§ **What you have to do**: From the material below, set down exactly the lines that run from the one containing "Đai Gối Hơi Đỡ" to the one containing "团队基于含铷纳米晶制备的钙钛", minus the pictures.

(Given information Opens)

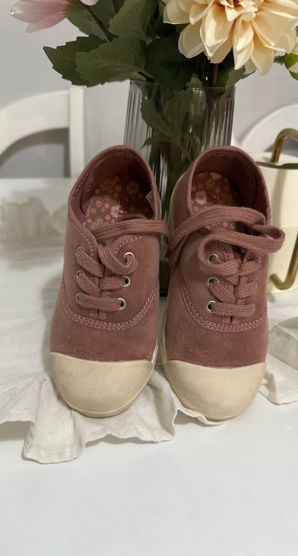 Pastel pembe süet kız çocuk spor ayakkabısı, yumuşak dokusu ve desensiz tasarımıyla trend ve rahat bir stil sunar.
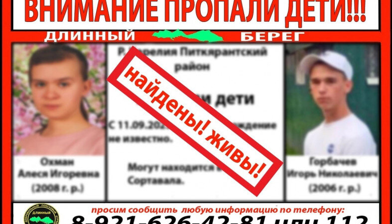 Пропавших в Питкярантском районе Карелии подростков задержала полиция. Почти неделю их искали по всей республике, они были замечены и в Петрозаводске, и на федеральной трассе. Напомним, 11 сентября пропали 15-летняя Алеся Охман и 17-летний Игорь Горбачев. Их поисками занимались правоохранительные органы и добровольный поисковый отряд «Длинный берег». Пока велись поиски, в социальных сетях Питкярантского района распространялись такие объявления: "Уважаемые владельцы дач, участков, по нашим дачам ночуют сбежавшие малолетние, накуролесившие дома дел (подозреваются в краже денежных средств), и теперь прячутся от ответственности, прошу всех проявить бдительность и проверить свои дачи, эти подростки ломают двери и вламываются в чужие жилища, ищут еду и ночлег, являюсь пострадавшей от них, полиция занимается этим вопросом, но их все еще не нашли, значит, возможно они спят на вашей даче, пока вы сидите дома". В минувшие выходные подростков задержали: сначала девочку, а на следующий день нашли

(Given information Closes)
(Given information Opens)

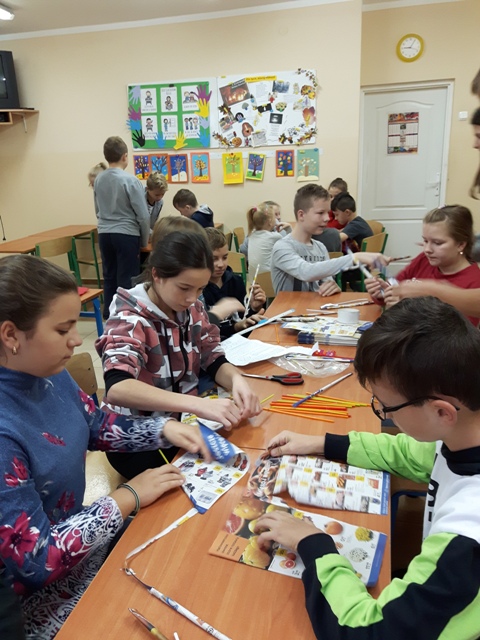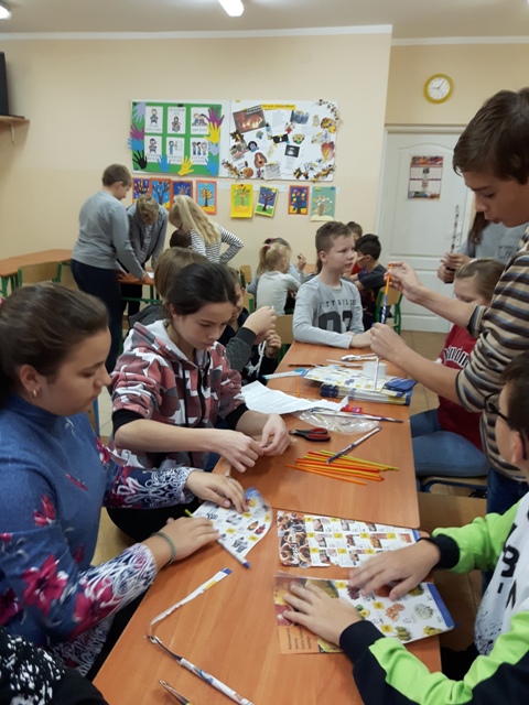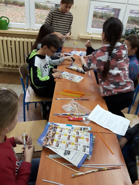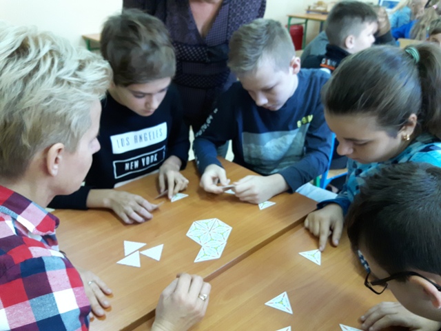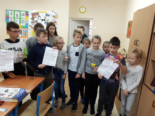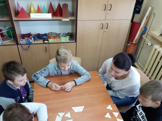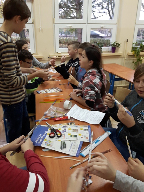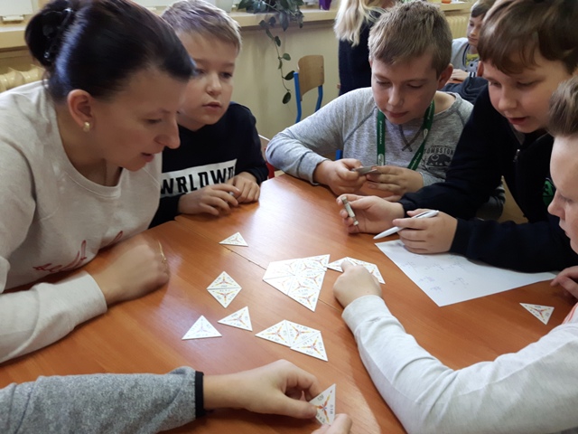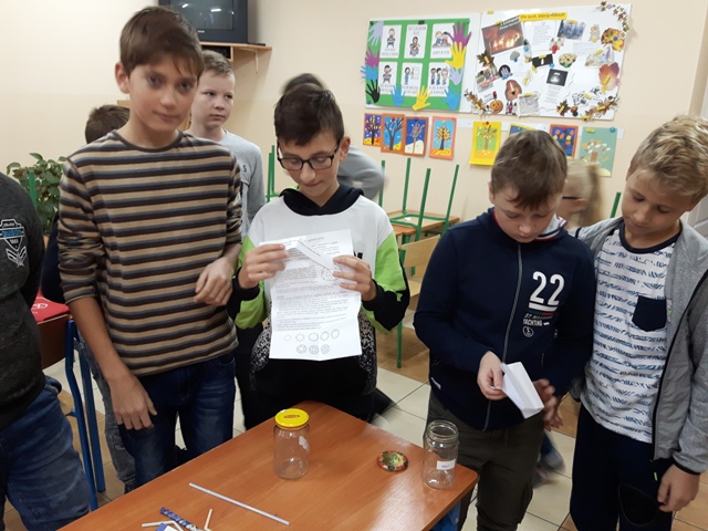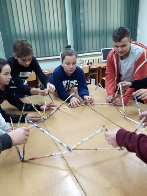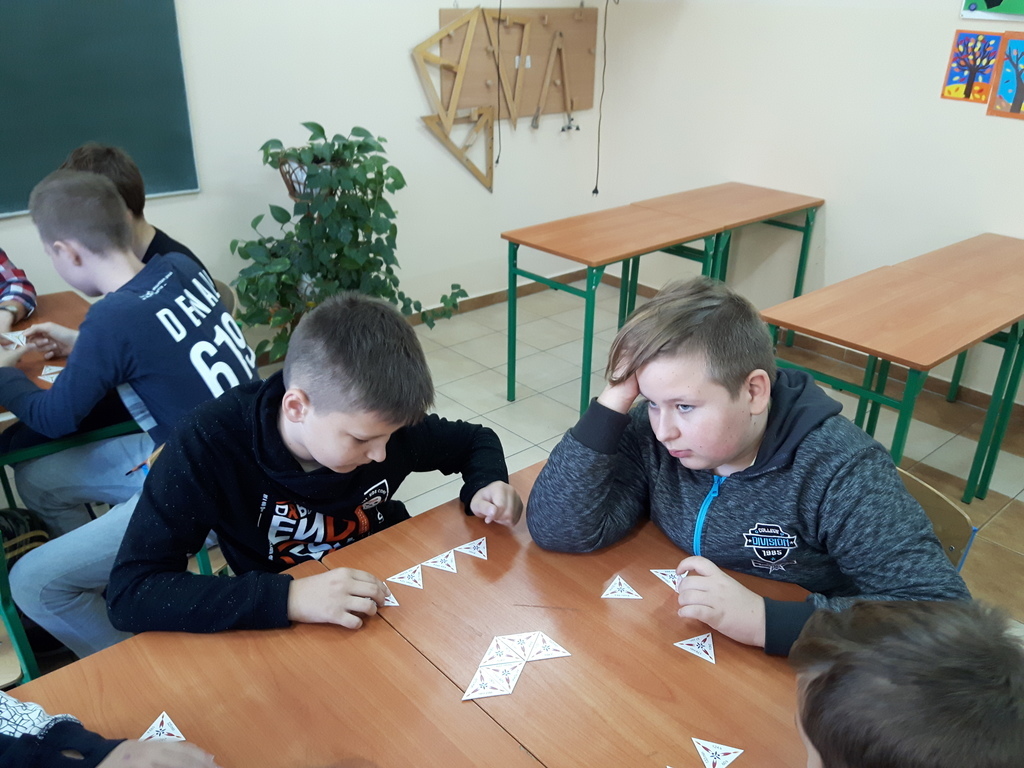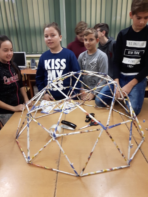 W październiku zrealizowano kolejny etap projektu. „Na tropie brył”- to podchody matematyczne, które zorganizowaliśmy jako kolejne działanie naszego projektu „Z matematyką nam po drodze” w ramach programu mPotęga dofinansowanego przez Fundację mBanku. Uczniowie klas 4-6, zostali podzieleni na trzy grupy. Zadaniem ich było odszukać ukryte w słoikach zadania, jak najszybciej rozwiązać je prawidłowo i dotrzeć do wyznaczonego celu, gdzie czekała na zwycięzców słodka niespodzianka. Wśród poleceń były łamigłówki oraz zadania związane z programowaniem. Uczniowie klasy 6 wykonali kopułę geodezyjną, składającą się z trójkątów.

(Given information Closes)
(Given information Opens)

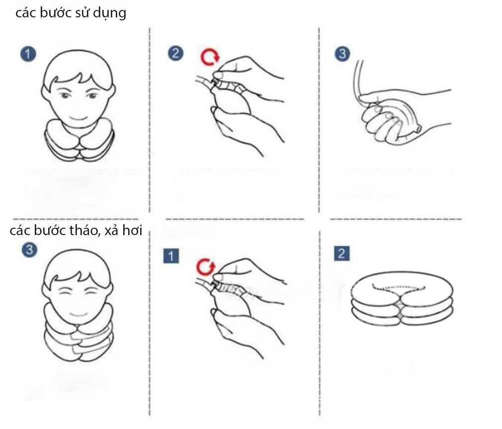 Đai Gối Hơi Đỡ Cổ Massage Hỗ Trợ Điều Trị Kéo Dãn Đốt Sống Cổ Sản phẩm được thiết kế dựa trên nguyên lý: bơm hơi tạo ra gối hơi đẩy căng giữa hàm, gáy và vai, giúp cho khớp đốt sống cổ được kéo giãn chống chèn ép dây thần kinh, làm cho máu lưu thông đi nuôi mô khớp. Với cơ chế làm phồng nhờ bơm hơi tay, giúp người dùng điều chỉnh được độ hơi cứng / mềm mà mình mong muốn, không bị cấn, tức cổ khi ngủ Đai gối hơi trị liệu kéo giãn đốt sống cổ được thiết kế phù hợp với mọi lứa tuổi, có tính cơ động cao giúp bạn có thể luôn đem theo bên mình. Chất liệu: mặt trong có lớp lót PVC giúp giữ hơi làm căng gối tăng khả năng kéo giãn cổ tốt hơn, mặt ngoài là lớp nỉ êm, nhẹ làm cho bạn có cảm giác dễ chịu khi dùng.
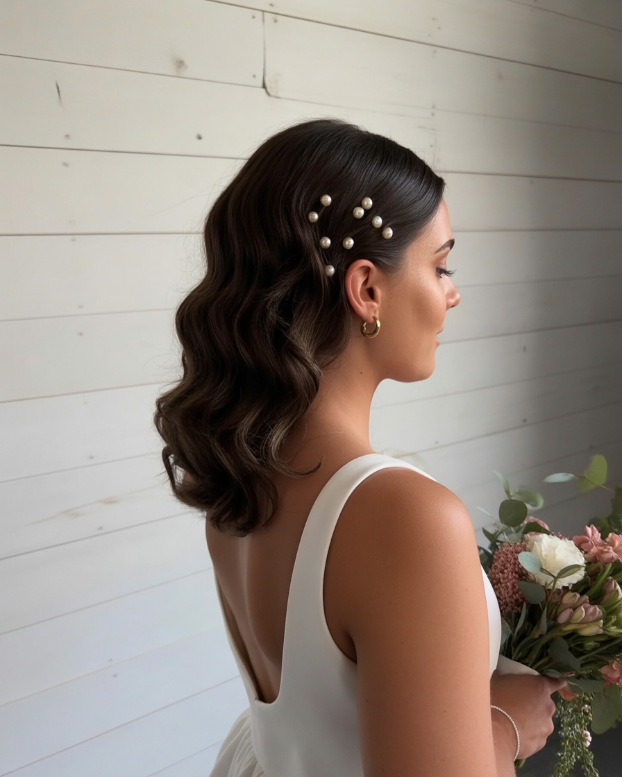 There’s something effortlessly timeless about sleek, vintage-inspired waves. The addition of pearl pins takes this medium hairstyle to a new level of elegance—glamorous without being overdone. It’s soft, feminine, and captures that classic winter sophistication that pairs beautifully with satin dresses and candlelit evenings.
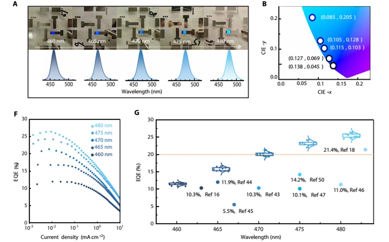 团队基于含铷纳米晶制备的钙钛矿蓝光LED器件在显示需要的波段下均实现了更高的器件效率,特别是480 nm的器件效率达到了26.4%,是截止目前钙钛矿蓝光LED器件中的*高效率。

(Given information Closes)

§ **The completed task**:
 Đai Gối Hơi Đỡ Cổ Massage Hỗ Trợ Điều Trị Kéo Dãn Đốt Sống Cổ Sản phẩm được thiết kế dựa trên nguyên lý: bơm hơi tạo ra gối hơi đẩy căng giữa hàm, gáy và vai, giúp cho khớp đốt sống cổ được kéo giãn chống chèn ép dây thần kinh, làm cho máu lưu thông đi nuôi mô khớp. Với cơ chế làm phồng nhờ bơm hơi tay, giúp người dùng điều chỉnh được độ hơi cứng / mềm mà mình mong muốn, không bị cấn, tức cổ khi ngủ Đai gối hơi trị liệu kéo giãn đốt sống cổ được thiết kế phù hợp với mọi lứa tuổi, có tính cơ động cao giúp bạn có thể luôn đem theo bên mình. Chất liệu: mặt trong có lớp lót PVC giúp giữ hơi làm căng gối tăng khả năng kéo giãn cổ tốt hơn, mặt ngoài là lớp nỉ êm, nhẹ làm cho bạn có cảm giác dễ chịu khi dùng.
 There’s something effortlessly timeless about sleek, vintage-inspired waves. The addition of pearl pins takes this medium hairstyle to a new level of elegance—glamorous without being overdone. It’s soft, feminine, and captures that classic winter sophistication that pairs beautifully with satin dresses and candlelit evenings.
 团队基于含铷纳米晶制备的钙钛矿蓝光LED器件在显示需要的波段下均实现了更高的器件效率,特别是480 nm的器件效率达到了26.4%,是截止目前钙钛矿蓝光LED器件中的*高效率。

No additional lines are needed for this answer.